The Postal Service hit the cap on Sept. 28, a spokesman confirmed, reinforcing the fact that its cash reserves are running dangerously low.
To run its business, the Postal Service can only borrow money from the U.S. Treasury, as opposed to private banks. Congress has barred the Treasury from lending it more than $15 billion at one time.
With people cutting back on snail mail, the post office has faced a survival crisis in recent years. If Congress doesn't act soon, the service could face insolvency this spring.
"Our liquidity concerns are ongoing now, and especially as we get into the second half of the current fiscal year," said David Partenheimer, a spokesman for the Postal Service. The crunch time could kick in sometime between next April through the end of September 2013.
The Postal Service has been borrowing billions of dollars from taxpayers in recent years to make up shortfalls caused by declining mail volumes and a 2006 congressional mandate to prefund retirement health care benefits.
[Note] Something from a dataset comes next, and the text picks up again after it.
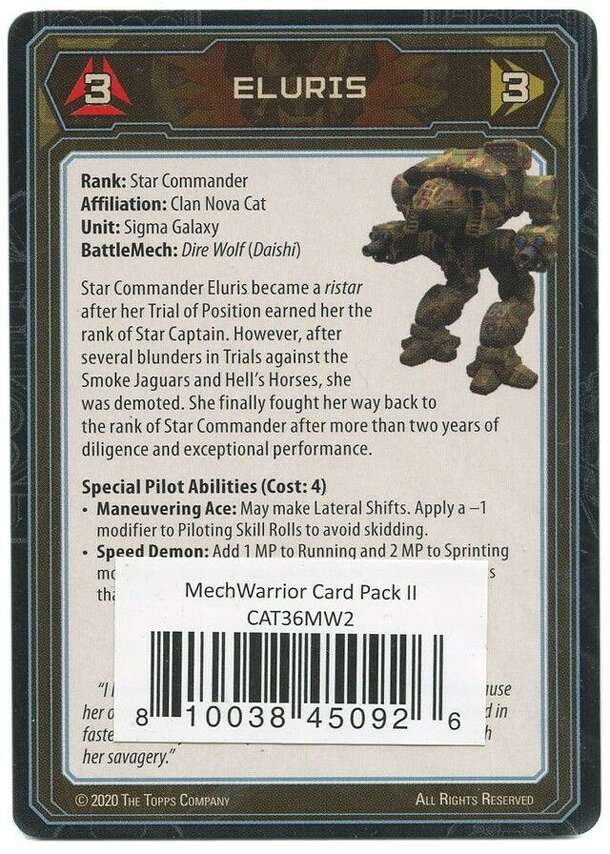 Pack contains 9 double-sided MechWarrior pilot Cards, for a total of 18 named MechWarriors. • Yurika Suzume/Mackenzie Cross • Robert Otek/Tracy Maxwell Kent • Scotty Rosek/Sawako Maki • Garrett Cedeno/Cole • Odilon Rodriguez/Jorma Mercer • Jillian Snuka/Audrey • Jevanrod Ward/Rauf Icaza • Trent Leroux/Geertruida • Reshondra Descatris/Vaiana A Clan Invasion...

It reported a $5.2 billion loss for the quarter ended June 30.
The agency will have enough money to keep running and pay its employees and contractors for a few months due to the influx of election mail and holiday season mail.
The U.S. Postal Service is, by law, an "independent establishment" of the executive branch. The agency doesn't normally use tax dollars for operations, except for its loan from Treasury. In 2005, the Postal Service had no debt, officials said.
Congress needs to pass legislation to save the Postal Service. However, that's unlikely to happen until after the Nov. 6 election and could possibly be pushed to next year.
Competing Senate and House bills would allow the agency to access an overfunded retirement plan that has an extra $11 billion ready to be used.
In the meantime, the Postal Service has been cutting cost. It has slashed post office hours, encouraged 8,000 mail handlers and postmasters to retire by the end of the year, and plans to close more than 200 postal plants over the next few years.
Starting Jan. 27, the service will hike the price of a first-class stamp, the type of mail most commonly used by consumers, by one cent to 46 cents. Postcard postage will rise one cent as well, to 33 cents.